Eu voava, agarrado às abas do seu casaco, por entre os textos veneráveis concebidos por gente sensata apaixonada pela lentidão, inebriada de paciência — eu voava a uma velocidade supersônica. Bergier gozava da confiança de alguns dos homens que, ainda hoje, se dedicam à alquimia, bem como da estima dos cientistas modernos. Junto dele, em breve adquiri a certeza de que existem íntimos pontos de contato entre a alquimia tradicional e a ciência de vanguarda. Vi a inteligência lançar uma ponte entre dois mundos. Meti-me por essa ponte e verifiquei que ela se agüentava. Senti uma grande felicidade, uma calma profunda. Há muito refugiado no pensamento antiprogressista hinduísta, gurdjieffiano, vendo o mundo de hoje como um princípio de Apocalipse, esperando apenas (e com grande desespero) um horroroso final dos tempos e não muito seguro no orgulho de estar à parte, eis que me era dado ver o velho passado e o futuro darem-se as mãos. A metafísica da alquimia. várias vêzes milenária, escondia uma técnica finalmente compreensível, ou quase, no século vinte. As pavorosas técnicas de hoje abriam-se sôbre uma metafísica quase semelhante à dos tempos antigos. Que falsa poesia havia no meu refúgio ! A imortal alma dos homens luzia com a mesma chama de cada lado da ponte.
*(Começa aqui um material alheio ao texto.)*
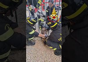 SCARLINO. Il cucciolo di circa un anno è precipitato per diversi metri in un punto a strapiombo sulla scogliera. E' stato soccorso dai vigili del fuoco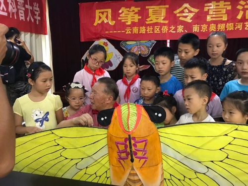 8月20日,云南路社区科普大学联合侨联和南京奥翔银河艺术风筝协会在云南路社区科普大学举办青少年风筝夏令营科技活动。 活动现场,南京市政协委员、南京奥翔银河艺术风筝俱乐部创始人,著名的国际风筝明星,87岁高龄的台胞赵铜会长,给孩子们讲解了风筝的起源,以及风筝的扎、糊、绘的制作方法,孩子们听的聚精会神。云南路社区科普大学科普志愿者把准备好的白底风筝发给孩子们,孩子们就迫不及待的挥起了手中的画笔,一会功夫色彩斑斓的风筝就画好了,画好风筝后,大家便开始放飞,科普志愿者们带领大家来到了中心广场,各色各样的风筝一会儿的功夫就飞满。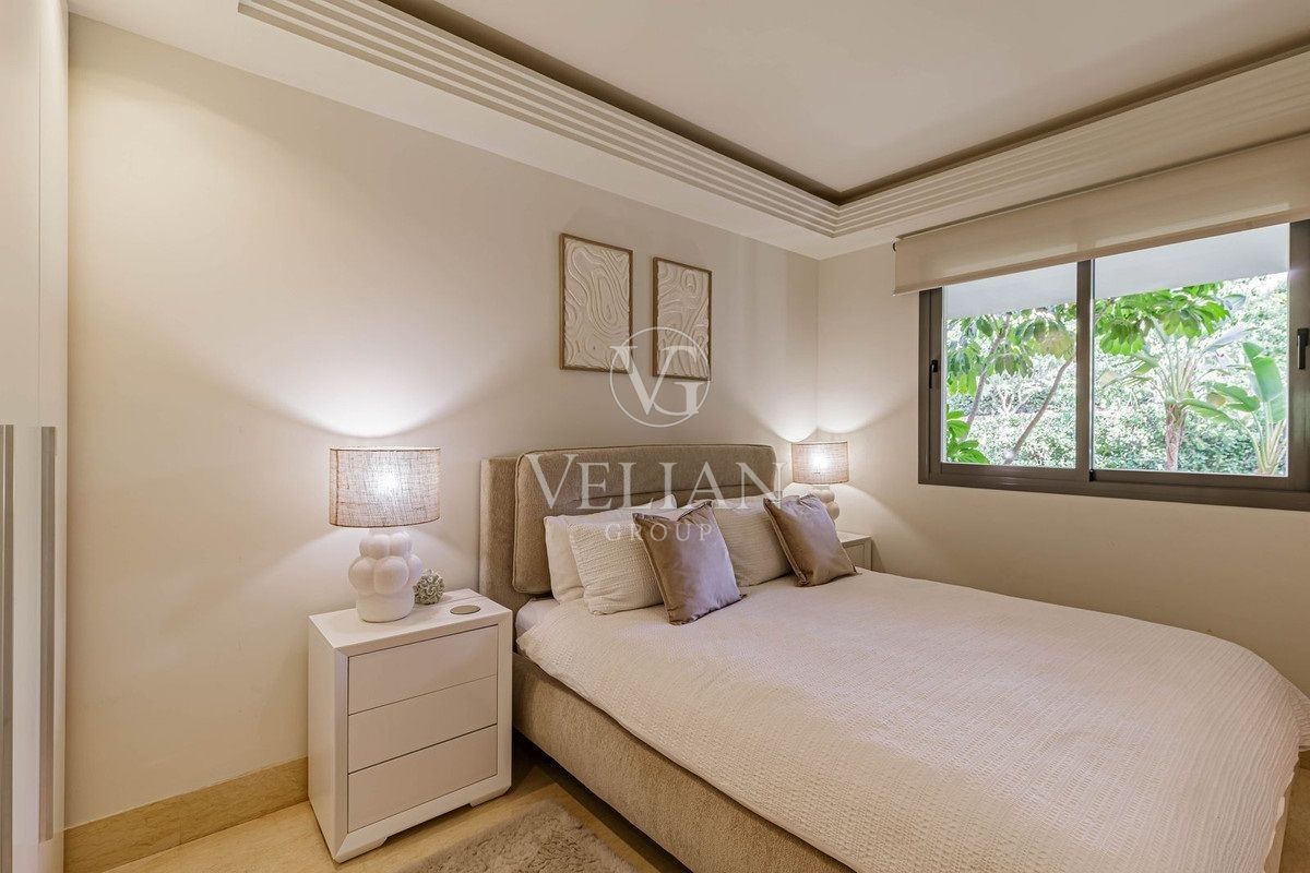 El apartamento presenta un acabado de excelente calidad, con suelos de mármol crema en toda la vivienda, una decoración neutra y elegante y mobiliario de alta calidad que crean una atmósfera moderna y relajante. La luminosa zona de estar y comedor de planta abierta fluye de forma natural hacia la terraza a través de grandes puertas correderas de doble acristalamiento, maximizando la luz natural y enmarcando las preciosas vistas al golf y al mar. La cocina Siemens totalmente equipada, con encimeras de Silestone y electrodomésticos integrados, está perfectamente preparada tanto para el día a día como para recibir invitados. La propiedad dispone de aire acondicionado frío‑calor, persianas eléctricas e internet por fibra óptica, garantizando comodidad y practicidad durante todo el año.

Acabei por acreditar que os homens, num passado muito longínquo tinham descoberto os segredos da energia e da matéria. Não sòmente por meditação, mas por manipulação. Não apenas espiritualmente, mas tecnicamente. O espírito moderno. servindo-se de vias diferentes, pelos caminhos durante muito tempo desagradáveis a meus olhos, da razão pura, irreligosidade, com processos diferentes e que durante muito tempo me tinham parecido maus, preparava-se por sua vez para descobrir os mesmos segredos. Interrogava-se a êsse respeito, entusiasmava-se e inquietava-se simultâneamente. Tropeçava no essencial, exatamente como o espírito de elevada tradição.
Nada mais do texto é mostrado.